▸ EXERCISE
In the data below, begin at the line with "Рубашка изготовлена из" and stop after the line with "MELVIN Shoe Cabinet"; output those lines exactly and no pictures.

[[ DATA, beginning ]]

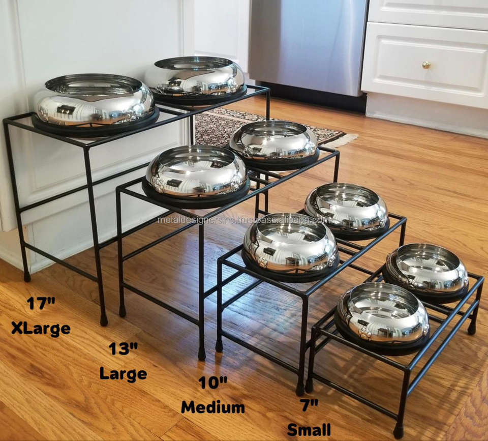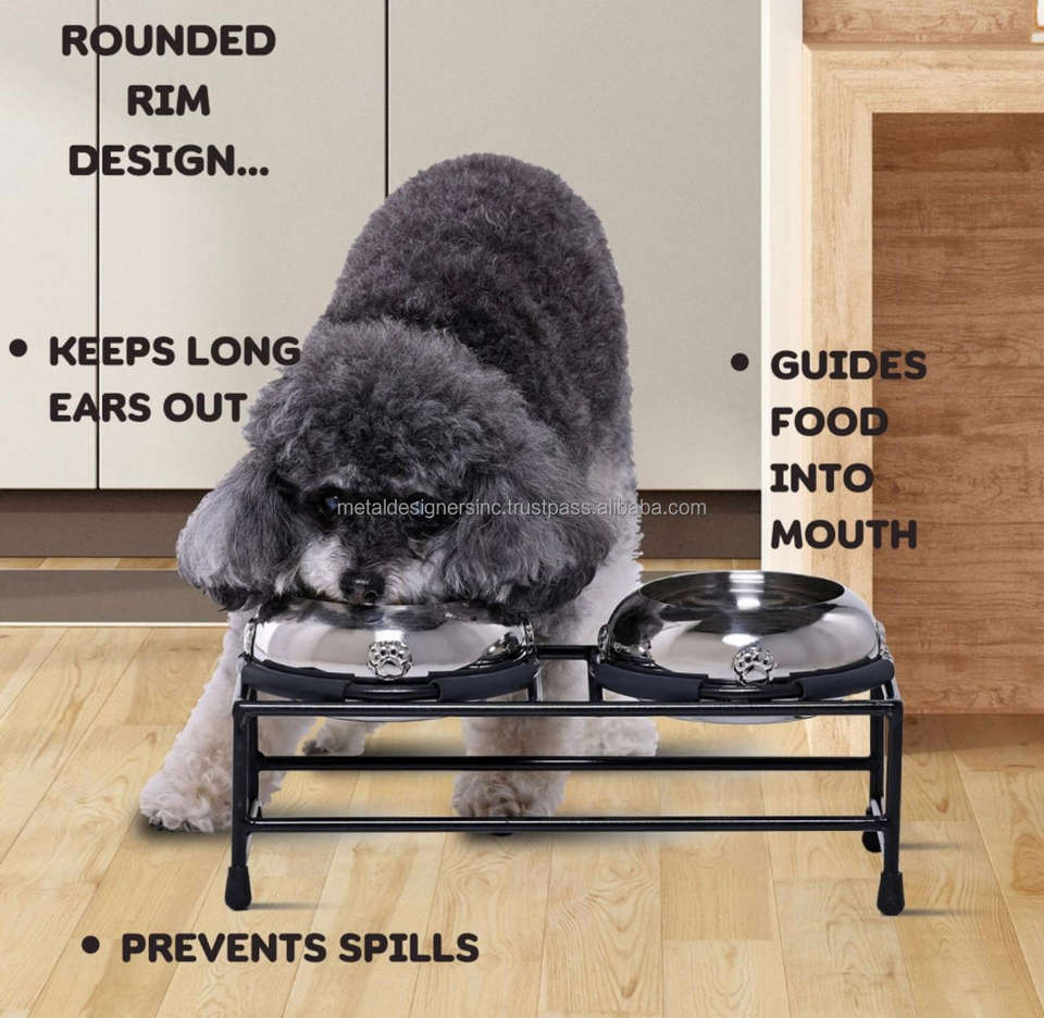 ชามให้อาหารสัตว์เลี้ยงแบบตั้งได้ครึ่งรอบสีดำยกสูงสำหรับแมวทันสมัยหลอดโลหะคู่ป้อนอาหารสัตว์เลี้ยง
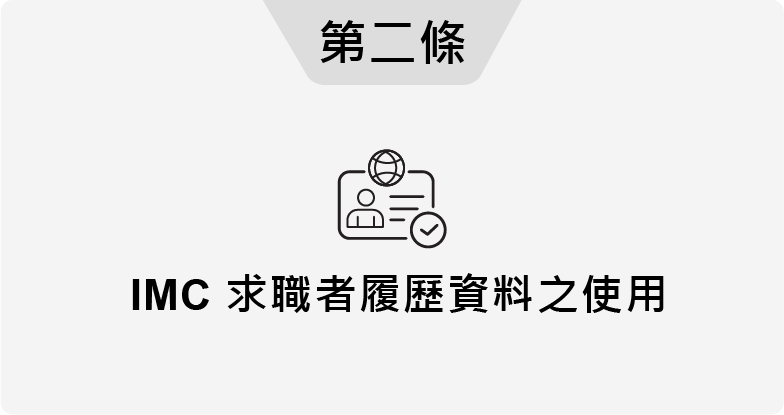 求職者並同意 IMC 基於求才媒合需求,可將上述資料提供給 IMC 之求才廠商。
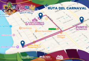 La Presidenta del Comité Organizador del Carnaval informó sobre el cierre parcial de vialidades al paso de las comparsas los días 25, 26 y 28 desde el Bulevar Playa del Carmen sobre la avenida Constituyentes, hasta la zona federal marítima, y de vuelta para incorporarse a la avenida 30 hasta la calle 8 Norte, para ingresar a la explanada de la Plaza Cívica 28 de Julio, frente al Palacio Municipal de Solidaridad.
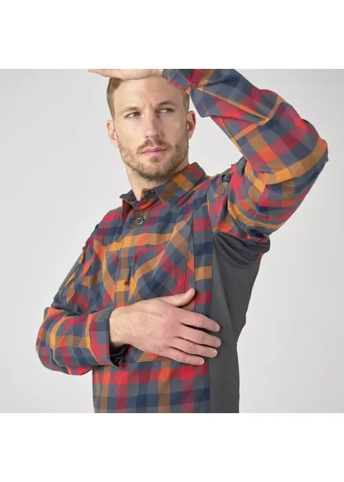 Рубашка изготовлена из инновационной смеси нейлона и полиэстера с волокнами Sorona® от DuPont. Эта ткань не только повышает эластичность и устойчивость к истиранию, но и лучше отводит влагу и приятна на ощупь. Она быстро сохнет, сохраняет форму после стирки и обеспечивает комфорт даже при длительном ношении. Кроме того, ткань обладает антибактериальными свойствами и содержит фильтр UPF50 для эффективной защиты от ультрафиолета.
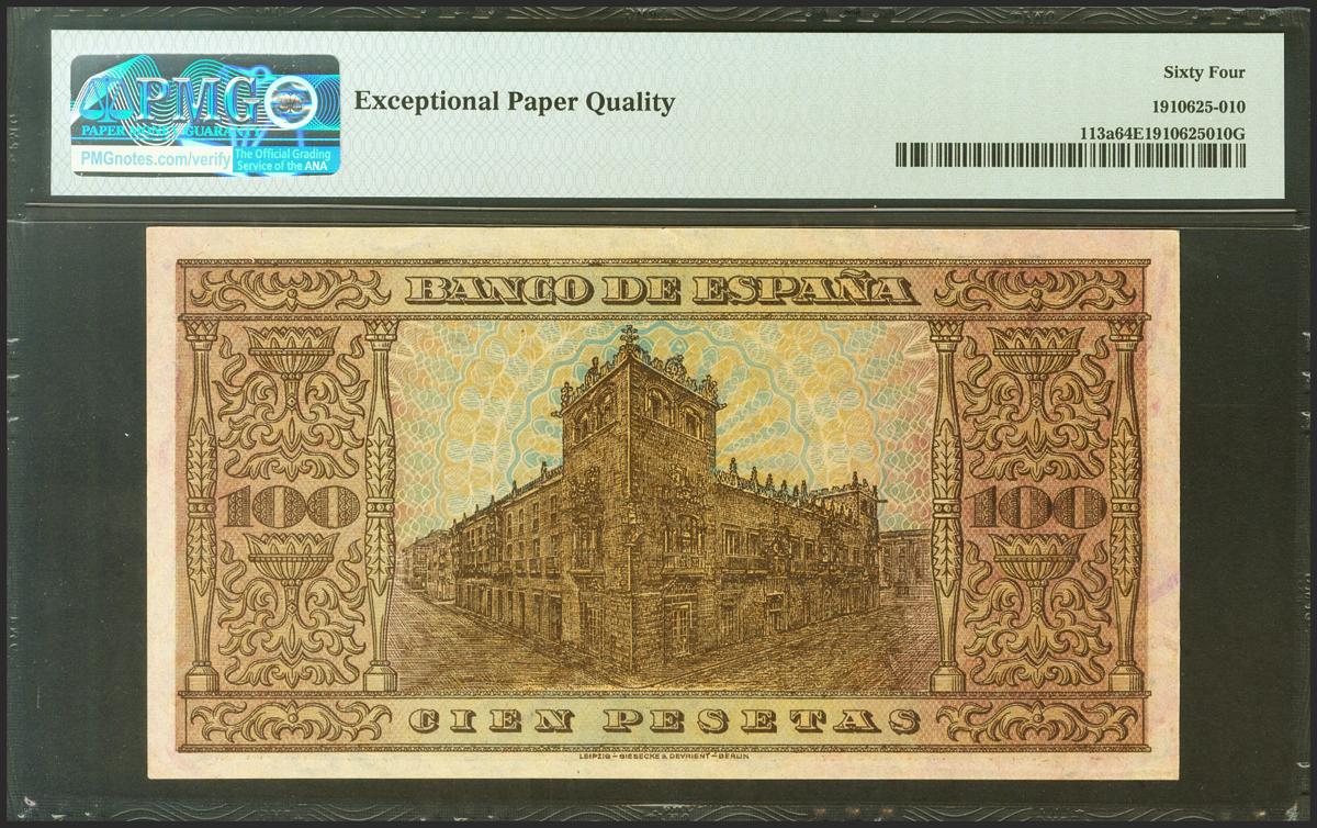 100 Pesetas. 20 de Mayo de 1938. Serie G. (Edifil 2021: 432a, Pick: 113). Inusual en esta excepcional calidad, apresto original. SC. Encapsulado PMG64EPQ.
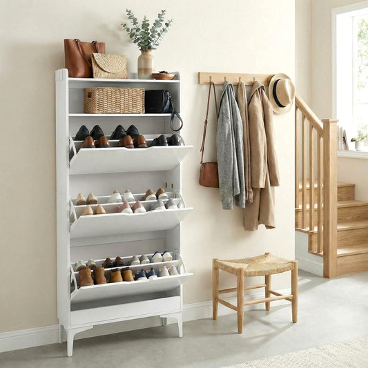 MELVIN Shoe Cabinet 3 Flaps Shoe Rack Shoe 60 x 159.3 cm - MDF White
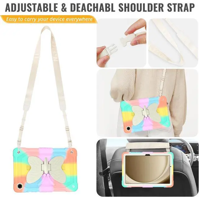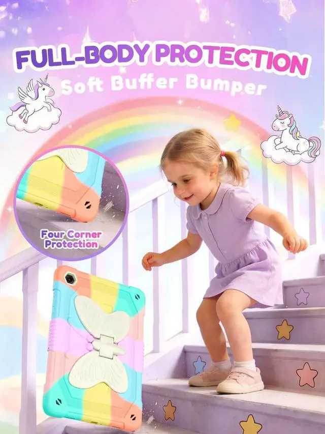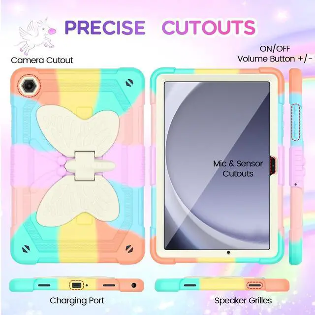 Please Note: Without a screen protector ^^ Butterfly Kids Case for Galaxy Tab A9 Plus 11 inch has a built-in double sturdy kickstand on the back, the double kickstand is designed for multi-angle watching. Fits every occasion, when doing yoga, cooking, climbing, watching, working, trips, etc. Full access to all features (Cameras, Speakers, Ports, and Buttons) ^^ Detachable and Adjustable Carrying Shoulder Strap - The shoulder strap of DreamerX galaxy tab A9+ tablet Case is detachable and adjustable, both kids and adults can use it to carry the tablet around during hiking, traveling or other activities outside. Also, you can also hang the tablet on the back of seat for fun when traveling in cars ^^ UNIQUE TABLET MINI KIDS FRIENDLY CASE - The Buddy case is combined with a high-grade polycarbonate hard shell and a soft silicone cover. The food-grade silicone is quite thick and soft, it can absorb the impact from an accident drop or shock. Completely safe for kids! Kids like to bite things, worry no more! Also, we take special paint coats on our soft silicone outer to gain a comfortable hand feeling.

[[ DATA, end ]]

▸ OUTPUT OF THE TASK
 Рубашка изготовлена из инновационной смеси нейлона и полиэстера с волокнами Sorona® от DuPont. Эта ткань не только повышает эластичность и устойчивость к истиранию, но и лучше отводит влагу и приятна на ощупь. Она быстро сохнет, сохраняет форму после стирки и обеспечивает комфорт даже при длительном ношении. Кроме того, ткань обладает антибактериальными свойствами и содержит фильтр UPF50 для эффективной защиты от ультрафиолета.
 100 Pesetas. 20 de Mayo de 1938. Serie G. (Edifil 2021: 432a, Pick: 113). Inusual en esta excepcional calidad, apresto original. SC. Encapsulado PMG64EPQ.
 MELVIN Shoe Cabinet 3 Flaps Shoe Rack Shoe 60 x 159.3 cm - MDF White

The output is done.